Domus Chairs design Ilmari Tapiovaara 1946 – Artek

Domus Chairs – Artek

Domus Chair & Domus Lounge Chair
Design Ilmari Tapiovaara, 1946

“A chair is not just a seat – it is the key to the whole interior.”
Ilmari Tapiovaara (1914–1999)

Celebrating its 70th anniversary in 2016, the award-winning Domus Chair was designed in 1946 by Finnish designer and interior architect Ilmari Tapiovaara for the student housing complex Domus Academica in Helsinki. Of the many items Tapiovaara and his wife Annikki designed for the new project, the multi-purpose Domus Chair was the central piece. The chair became a great international success and the guiding light for all of Tapiovaara’s subsequent work. Today Domus is still found in public spaces such as restaurants, schools and auditoriums, but is also popular in home environments.

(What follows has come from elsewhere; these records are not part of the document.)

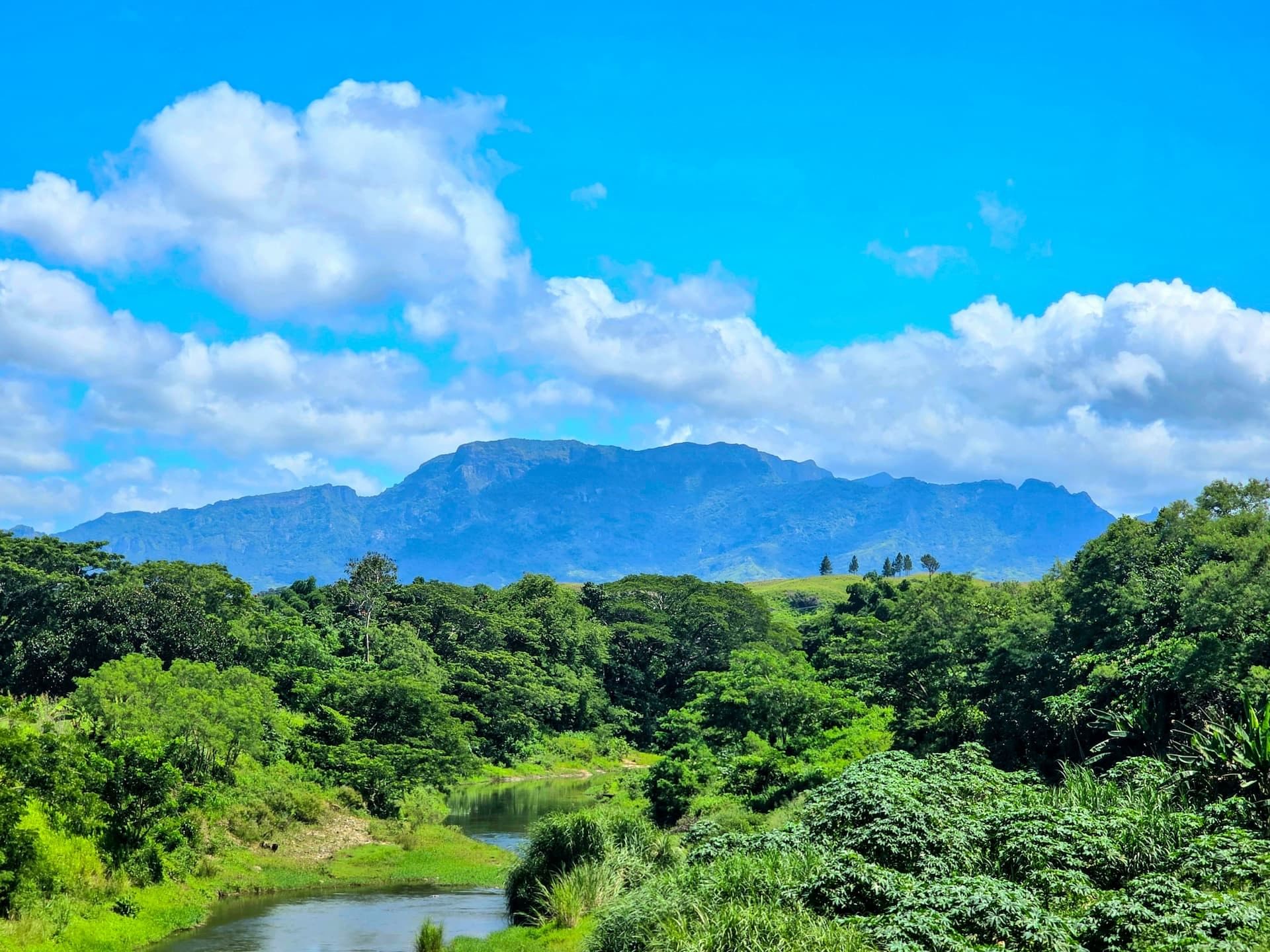 Lush green valley with a river and mountains in the Garden of the Sleeping Giant near TokaToka Resort Nadi Fiji Plus Icon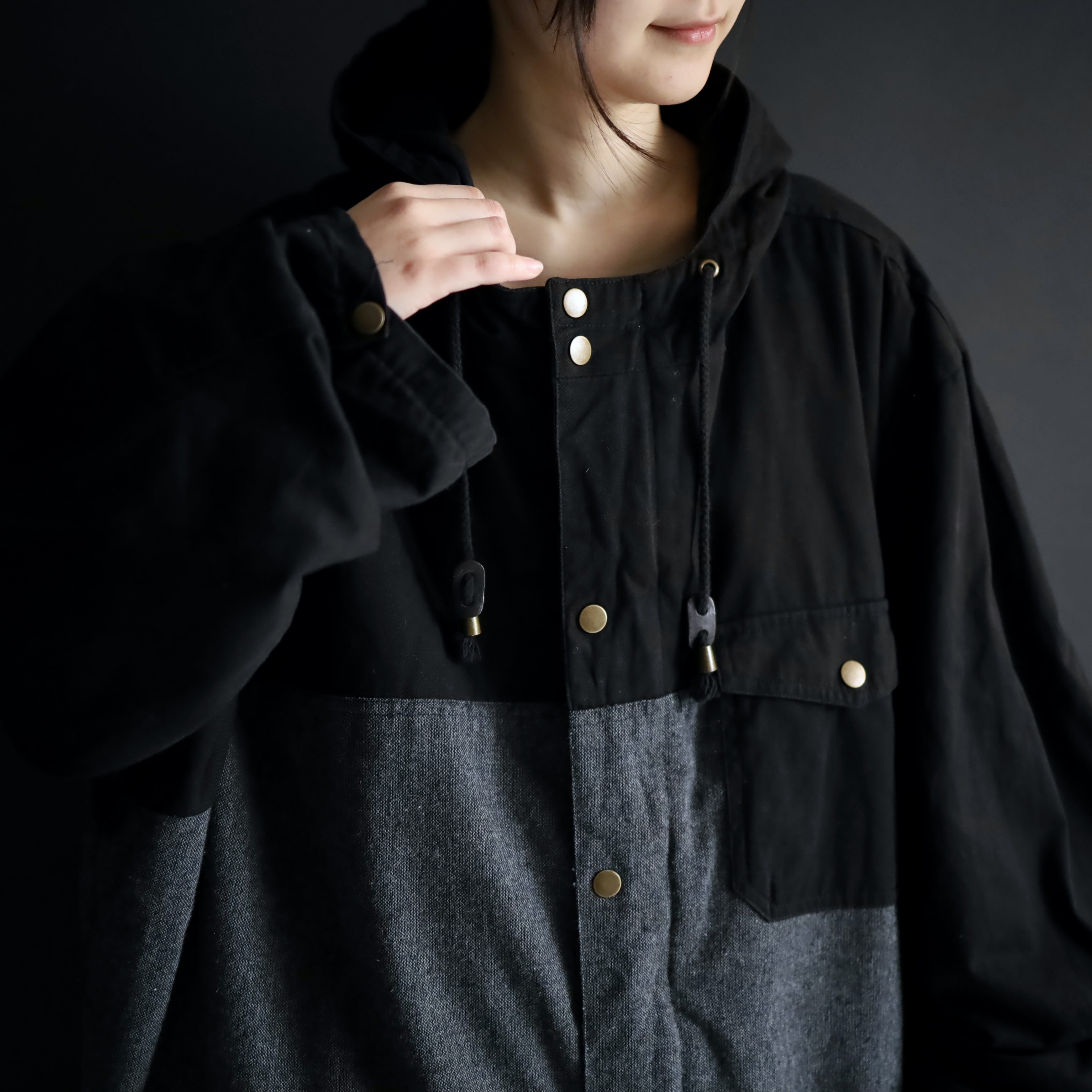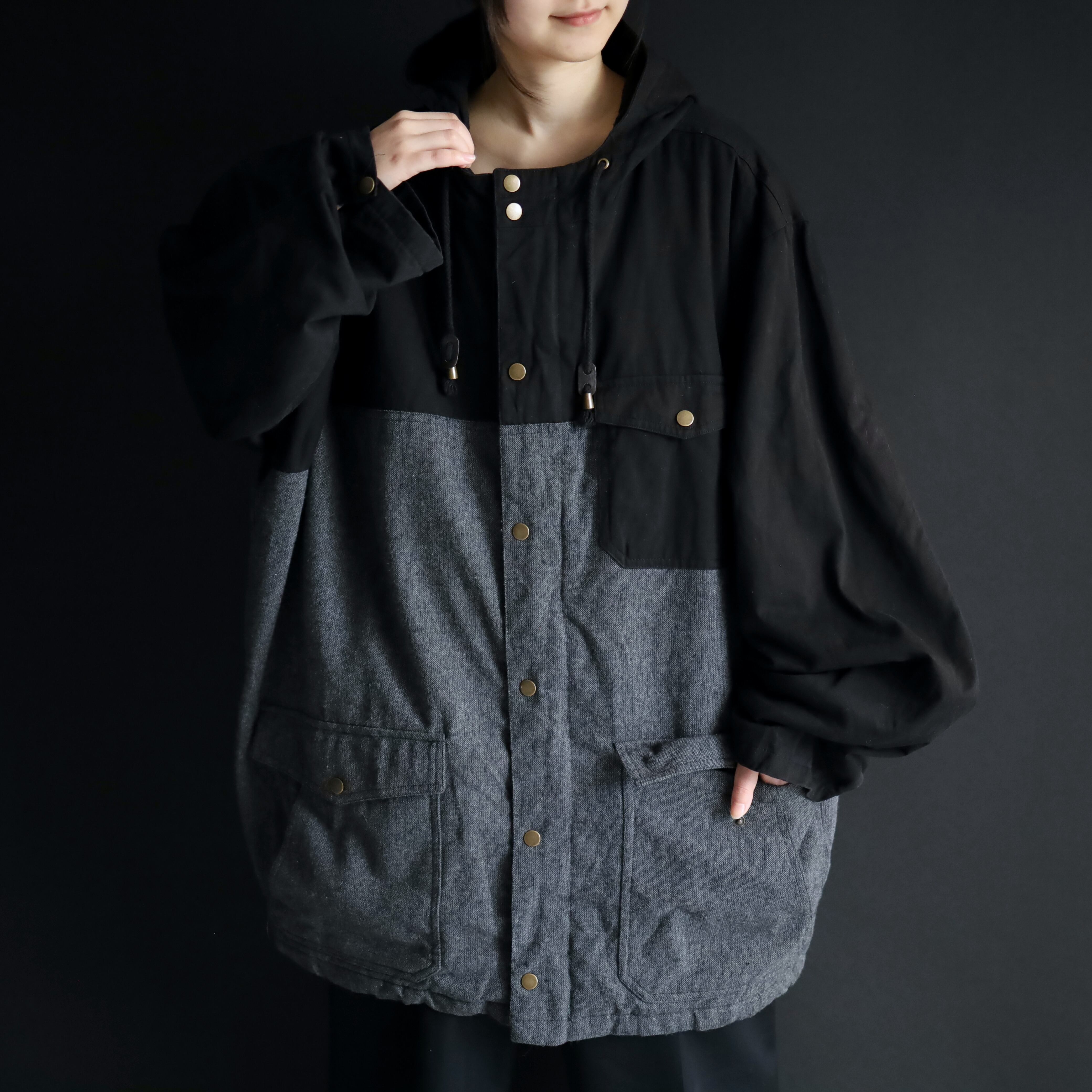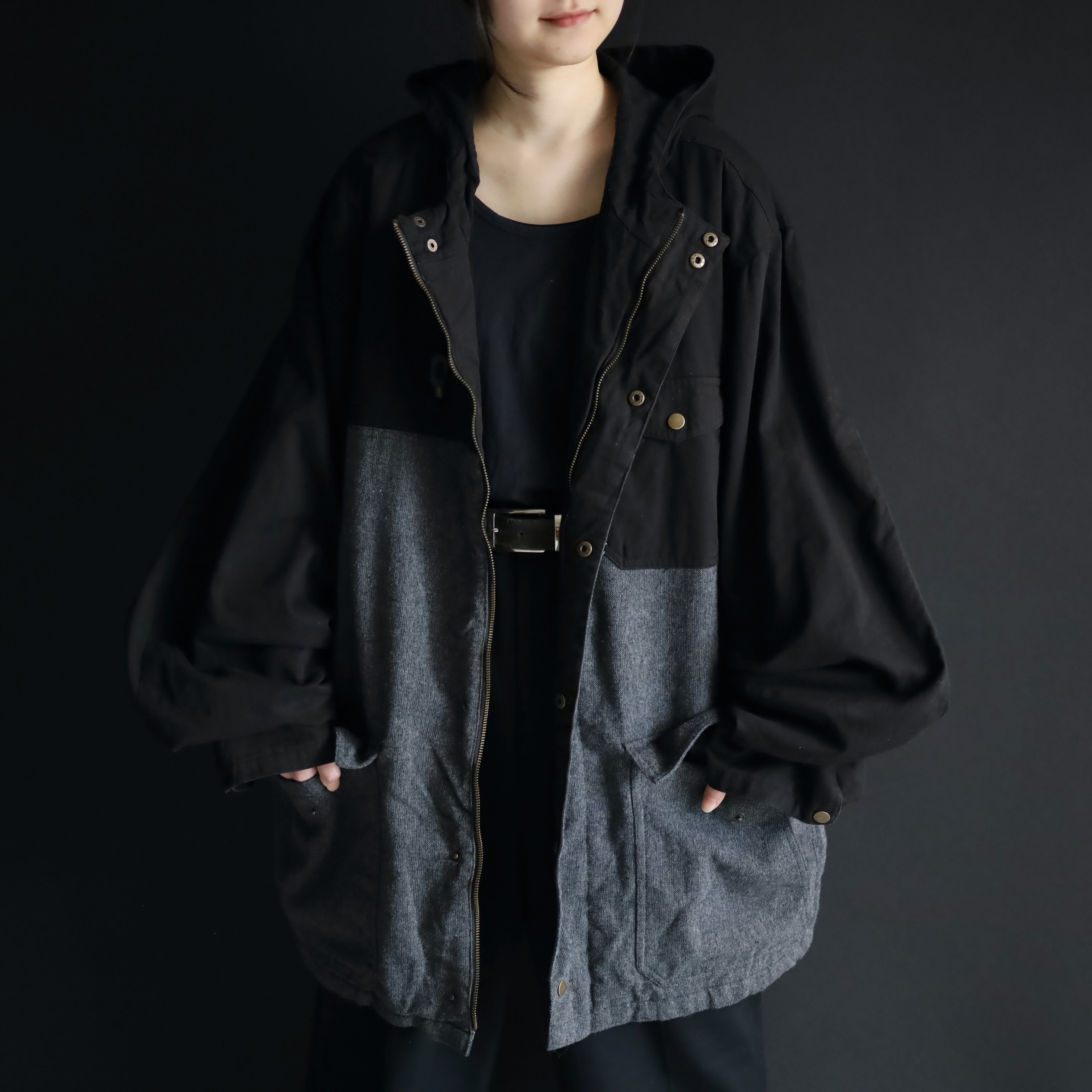 モノクロカラーの切替とこのビッグシルエットによって,ストモードなスタイルにハマる一枚です.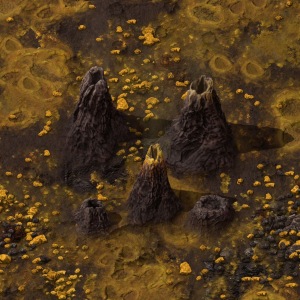 烟囱口是在祝融星上自然生成的一种地形,通常位于硫酸喷泉附近。与岩石类似,它们是玩家移动和建设的障碍。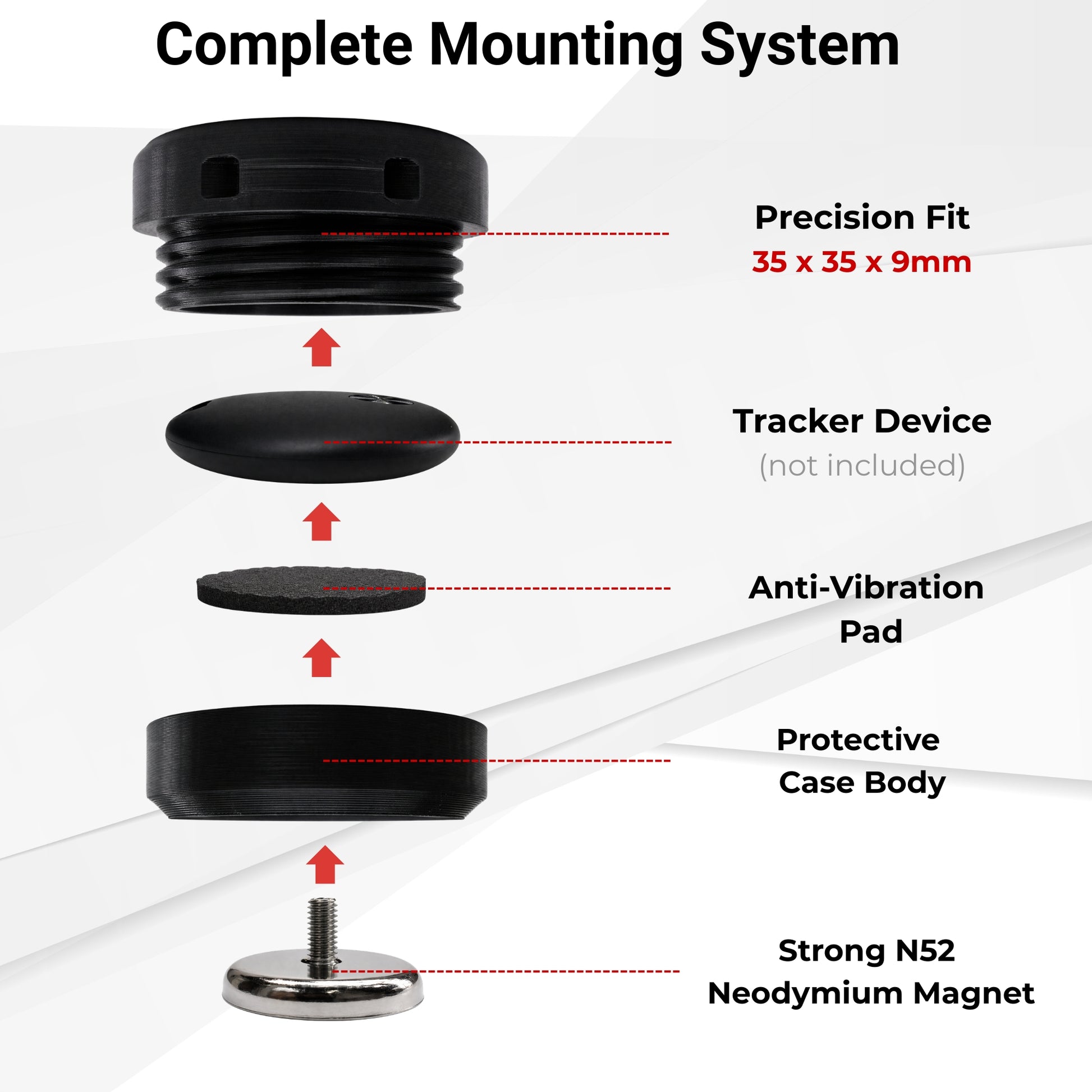 Compatible con localizadores de hasta 35 × 35 × 9 mm. Ideal para coche, bicicleta, dron, equipaje, cartera y más.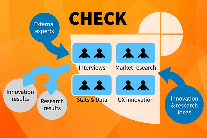 Check is all about research and innovation. This is where new ideas are created by the community. Each idea should be founded in research and tested with the target audience. Both internal and external information should be used, and external experts may be brought in to contribute outside perspectives.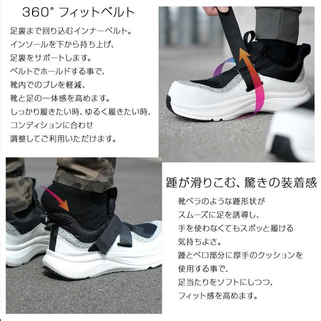 手を使わずに履ける ベルト 父の日 プレゼント 作業靴 ブラック ホワイト 軽い 敬老の日 ギフト 倉庫作業 セーフティシューズ 仕事靴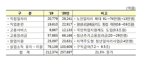 [2020¿¹»ê] ÀçÁ¤ÀÏÀÚ¸® 95¸¸5õ°³ ¸¸µç´Ù¡¦»ç»ó ÃÖ´ë 26Á¶ ÅõÀÔ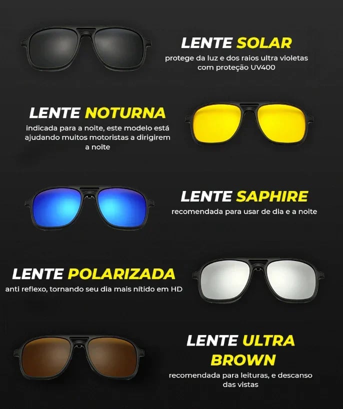 The 6 in 1 glasses brings with it with polarized lenses tested and approved by renowned doctors, ensuring full protection against ultraviolet rays, the main cause of serious and irreversible diseases in the eyes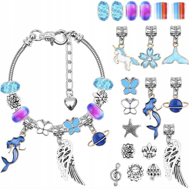 В комплект входят подставка для бусин и 10 украшений для нанизывания. Крепления для подвесок надежные и простые: достаточно открутить одну сторону браслета, прикрепить подвеску и снова закрутить. Смешивайте и сочетайте бусины, создавая эффектные аксессуары для любого наряда или случая. Регулируемые браслеты и ожерелья подстроятся под любую руку или шею, создавая идеальный штрих к вашему образу.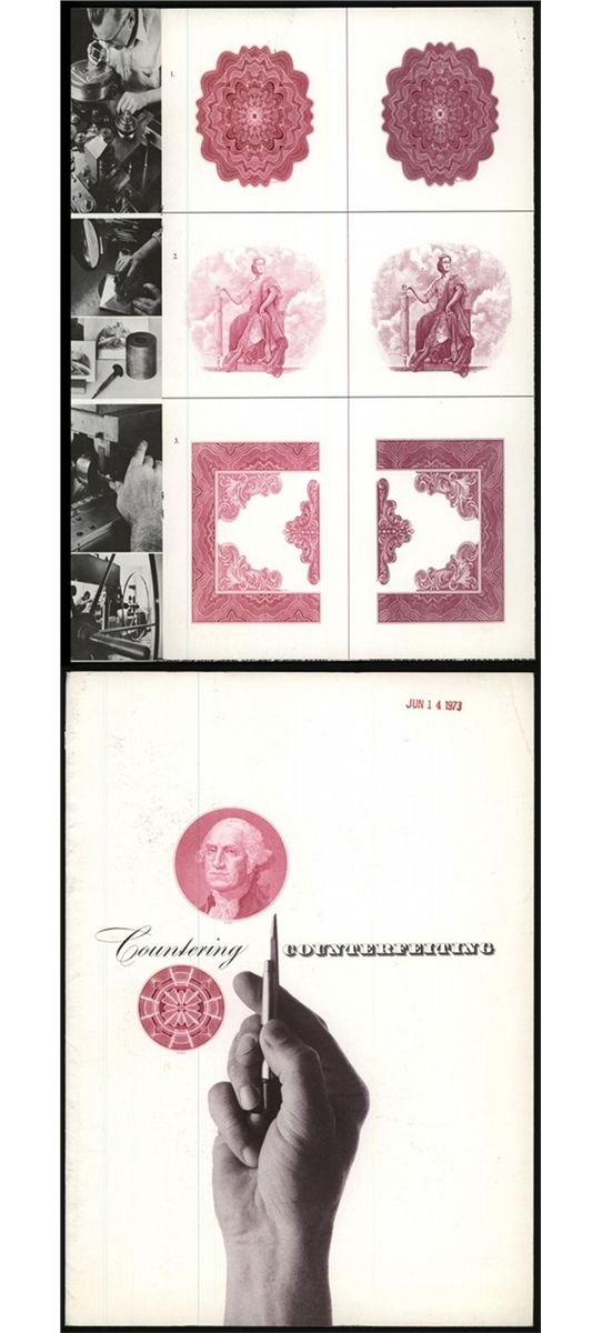 California, 1973, ÒCountering CounterfeitingÓ, Vignette of George Washington on cover with photograph of hand holding engraving instrument, Short manual on counterfeiting prevention taken by Jeffries BNC in black and pink print. VF-XF condition. Only 1 found in archives.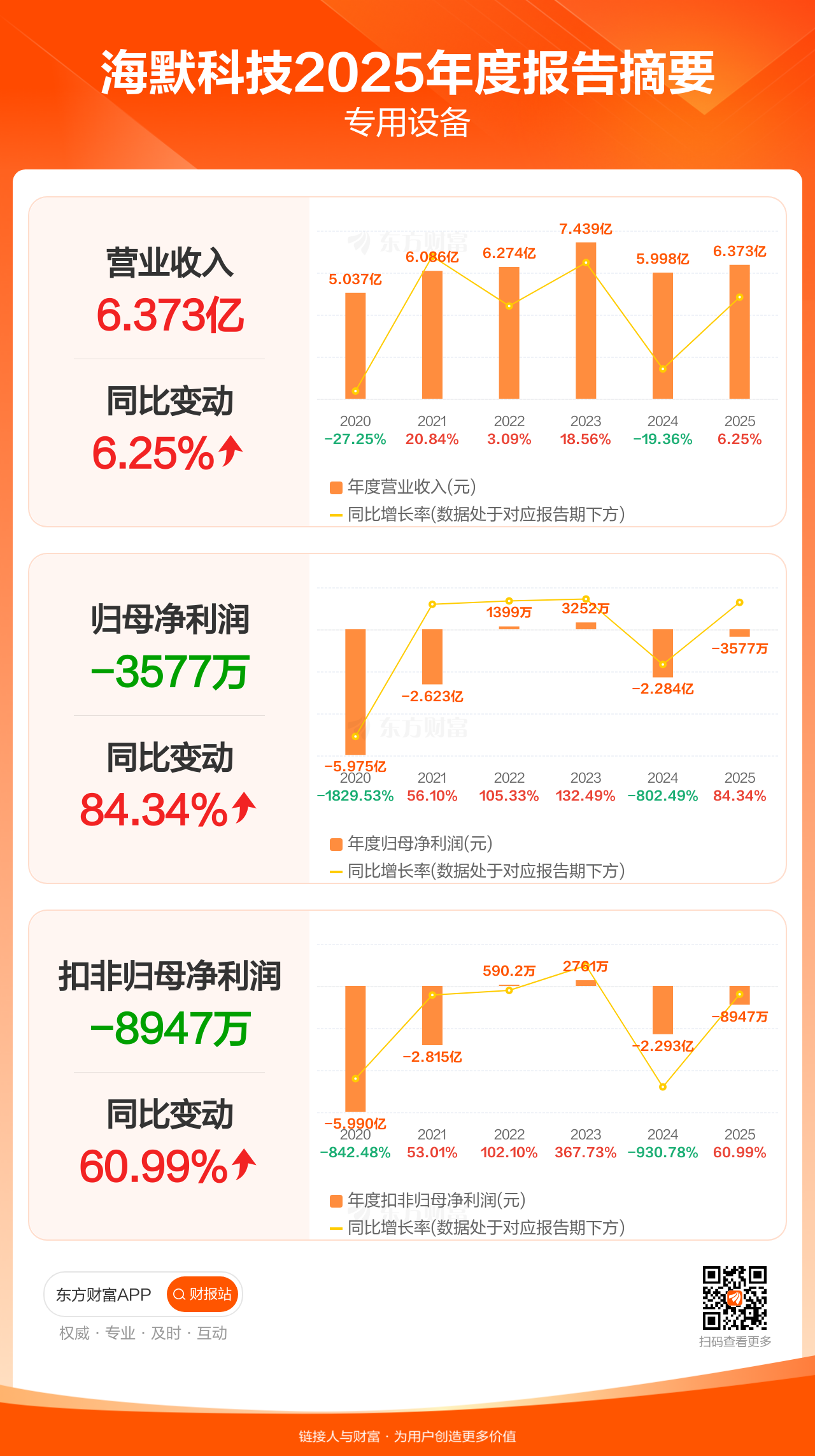 海默科技4月29日发布2025年年报显示,公司全年实现营业收入6.37亿元,同比增长6.25%;归母净利润-3576.67万元;扣非归母净利润-8946.60万元。

Primarily intended as a reading chair in students’ rooms, the Domus Chair needed to be comfortable and support good posture for many hours of studying. At the same time, it was meant for general use in the auditoriums, the canteen and the negotiation rooms of Domus Academica. Due to the material availability in post-war Finland, Tapiovaara worked with a combination of solid wood and form-pressed plywood. Alvar Aalto had already moulded plywood sheets twodimensionally in the early 1930s, but with the Domus Chair’s three-dimensionally curved seats, Tapiovaara created a chair that conformed to the body in a new and highly comfortable way. The characteristic short armrests of the Domus Chair offer a surprising degree of support, while simultaneously allowing the chair to be pulled close to a table. The chair was initially delivered from the factory in pieces for the retailer or the end customer to assemble. This explains the visible screws in Tapiovaara’s original design.

The lightweight, stackable and multi-purpose Domus quickly became a popular choice for new buildings in the growing public sector in Finland. Its international recognition eventually made Domus the first successful post-war design export from Finland. Sold in the UK under the name of “Stax” and in the United States as the “Finnchair”, its popularity led to numerous awards, such as the American Good Design Award in Chicago, which Tapiovaara received in 1950, and the golden medal at Milan Triennale in 1951.

As part of the same family, the Domus Lounge Chair was designed for the public spaces of Domus Academica. The chair’s generous proportions meant that it was technically not possible to produce the seat and back element in one piece. In its current production by Artek, the Domus Lounge Chair is now made out of one moulded plywood element, as was originally intended by Tapiovaara.

The Domus Chair and Lounge Chair, along with other products by Ilmari Tapiovaara, have been part of the Artek collection since 2010. They are available in a variety of woods and finishes, with or without upholstering. At the Stockholm Furniture Fair 2016, Artek introduces Domus in a range of new leather upholstery colours.